しかし、芦田は知っている。彼は自分の持つ能力――代々強力な霊能者を生む血筋から与えられた、その場に染みついた“想い”を読む能力を、凶悪な犯罪によって散らされた命のために使うことを選んだ。だからこそ武田春樹という男は、あえて刑事という職業を選んだのだ。
「何か……心当たりでもありましたかね?」
まるで自ら進んで悪意をかぶろうとするかのように。思えば武田にはそういうところがある。何処かに虚無を背負っている。自分に向けられる悪意さえ、彼には“見えて”しまうと言うのに。

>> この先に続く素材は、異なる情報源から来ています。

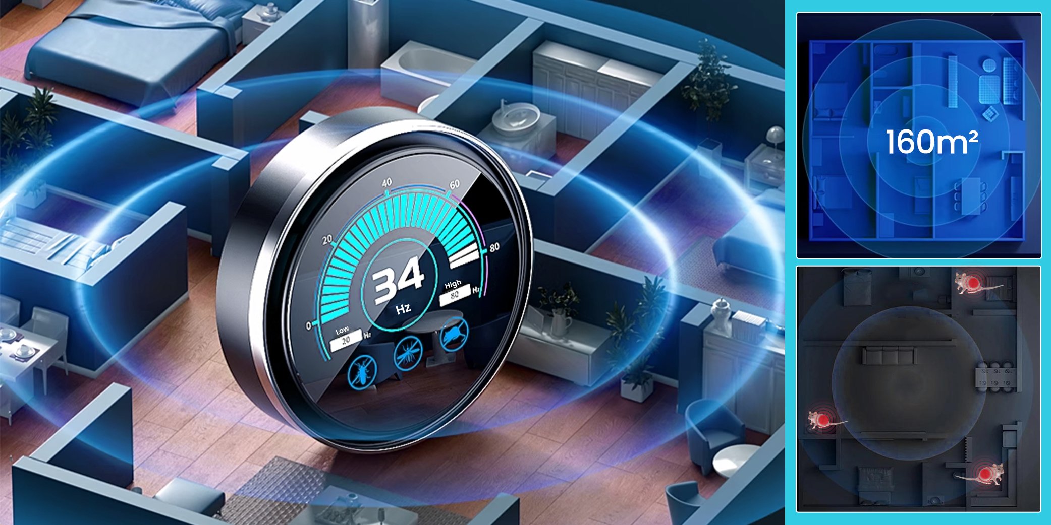 A built-in intelligent AI chip distinguishes between the neural pathways of different pests. It customizes the output to effectively repel mosquitoes, cockroaches, mice, bats, flies, and more with unparalleled accuracy.

だが自分が手を貸すことは出来ないだろう。そもそも彼と自分は──こうして一緒に呑むこともあるが──友人ですらない。向こうもそう思っているだろうし、こちらもそう思っている。ただ自分の方が勝手につきまとっているだけだ。芦田は正確に認識していた。
「さて、置いてかれちゃったし、僕も帰りますか」
芦田は席を立った。ふらり、と店を出る。
途端に。
「声を立てないで」
背中に何かが押しつけられた。恐らくは、拳銃。
「僕、あんまりお金は持っていませんが……」
「物盗りじゃないわ。あんたは何も言わずに来てくれればいいのよ」
後ろから聞こえる女の声は、若くはなかった。芦田はこっそりと後ろをうかがった。自分の肩越しに、白髪がかなり混ざった頭が見えた。
「──抵抗はしませんよ」
芦田は答えた。銃を持つ相手の手が震えているのを感じたからだった。こういう手合いには、いつ引き金を引かれてもおかしくはない。
「その車に乗りなさい」
言われるままに、目の前に停まっていた軽自動車の後部シートに乗り込む。手を後ろに回されて手錠をかけられる時も、目隠しと猿ぐつわをされた時も、その長身を折りたたむように後部シートに横たえられ、カムフラージュらしい毛布をかぶせられた時も、芦田は一切無抵抗だった。
(さて、僕を誘拐してどうするつもりでしょう?)
芦田と女を乗せ、車は夜の中を走り始めた。